It’s good to see cluster 4 is still right there at the top!

To wrap things up, we’ll use both models to predict values from the unseen test set and visualize in a plot.

linear <- predict(linear_model, puzzle_test)
multiple <- predict(multiple_model, puzzle_test)

puzzle_test %>% 
  select(V1, V2) %>% 
  cbind(linear, multiple) %>% 
  as_tibble() %>% 
  rename(actual = V2) %>% 
  gather(key, value, actual:multiple) %>% 
  ggplot(aes(V1, value, color = key)) + 
  geom_point(alpha = 0.5) + 
  geom_hline(yintercept = 0) +
  geom_vline(xintercept = 0) +
  theme_minimal(base_size = 10) +
  theme(legend.position = 'top') +
  labs(x = "% Change in Price", y = "% Change in Conversions", color = NULL) +
  scale_x_continuous(labels = percent_format()) +
  scale_y_continuous(labels = percent_format()) +
  scale_color_brewer(palette = 'Set1')

This doesn’t look half bad if I may say so myself!
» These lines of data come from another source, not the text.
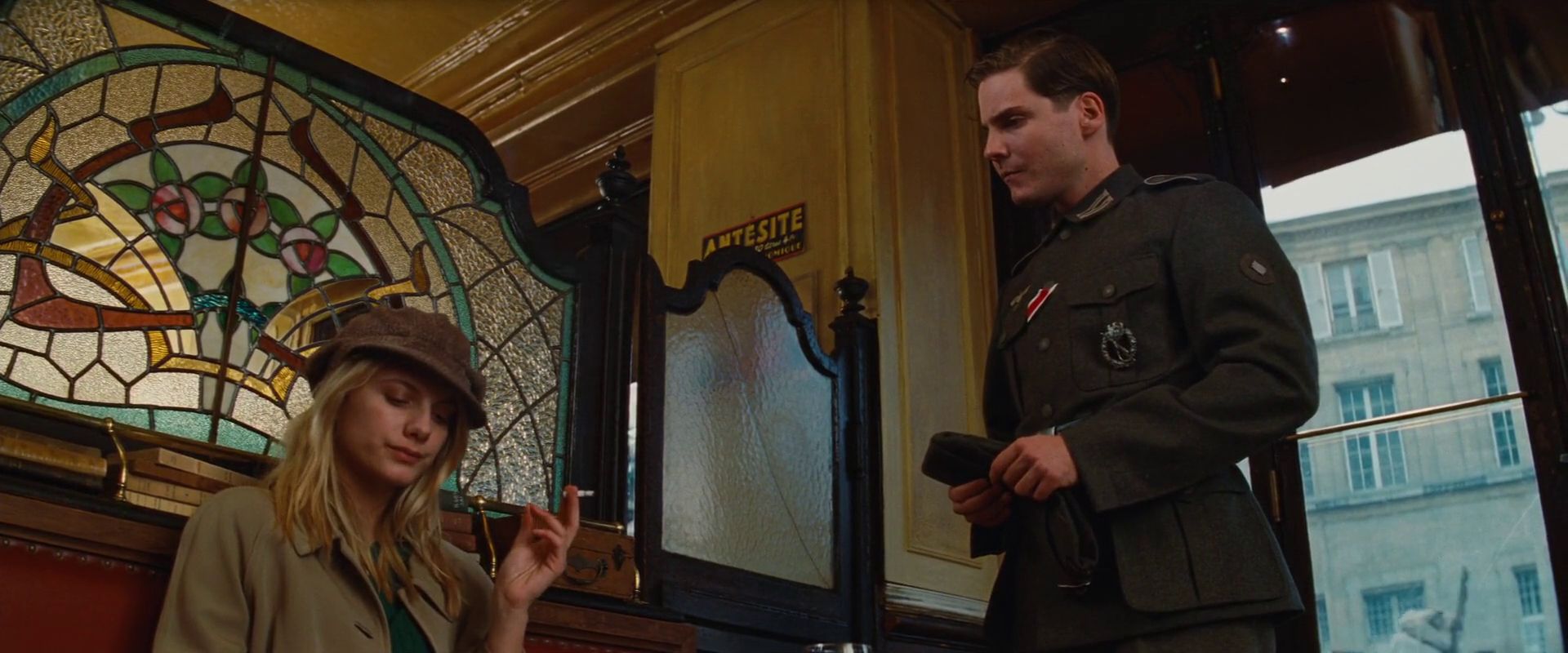 Daniel Brühl as Fredrick Zoller trying to make a connection with Shosanna Dreyfus (Mélanie Laurent.)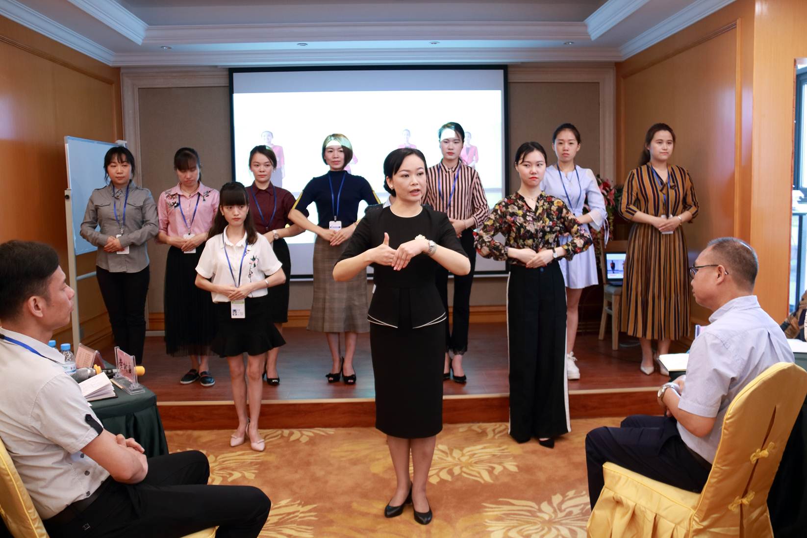 为了达到更好的培训效果,青羽老师通过现场互动及现场示范的形式调动气氛,寓教于乐不仅增强了参训人员的参与性与积极性,而且使现场人员加深了对商务礼仪知识的理解。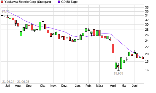 Mit dem Rücksetzer auf 18,86 EUR hat die Yaskawa Electric-Aktie am 20.06.2025 die 50-Tage-Linie nach unten gekreuzt.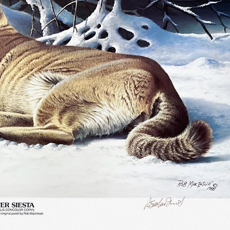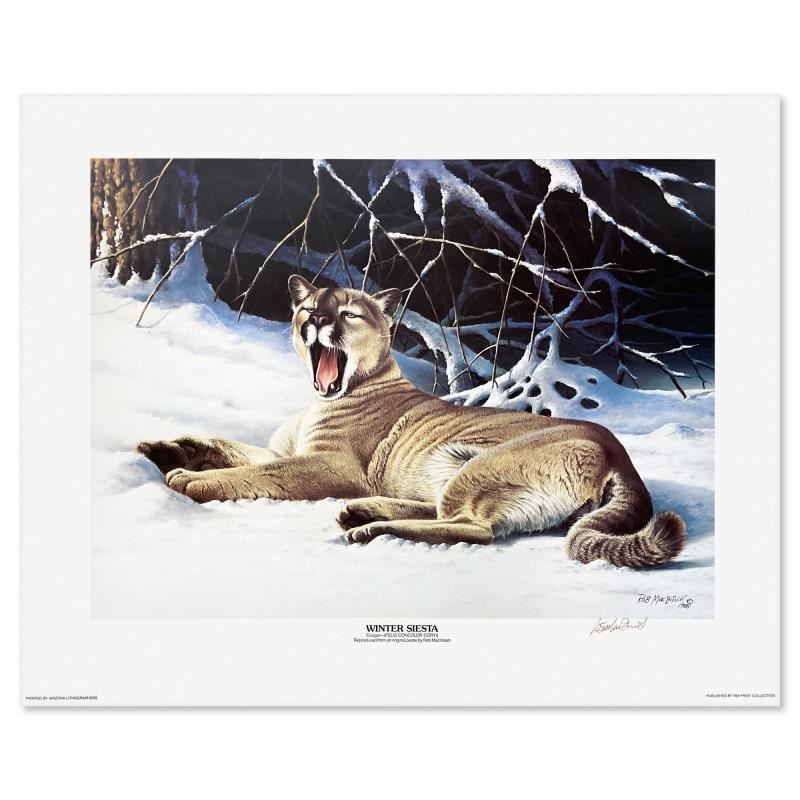 "Winter Siesta" is a limited edition lithograph on paper by Rob MacIntosh, numbered Elephant Territory and hand signed by the artist. Includes Letter of Authenticity. Measures approx. 23" x 28" (border), 17" x 22" (image). Due to the thin nature of the paper there are minor creases on the paper.

Although inaccurate, our linear regression model was able to capture the inverse relationship between price and conversions.

The multiple regression version is definitely a step up from the former but it has room for improvement. With a little parameter tuning it’s possible to further increase the overall accuracy of our model.

Answer

…LOL…

puzzle_clusters %>% 
  ggplot(aes(V1, V2, color = .cluster)) +
  geom_point() +
  coord_flip() +
  theme_minimal() + 
  theme(legend.position = 'none')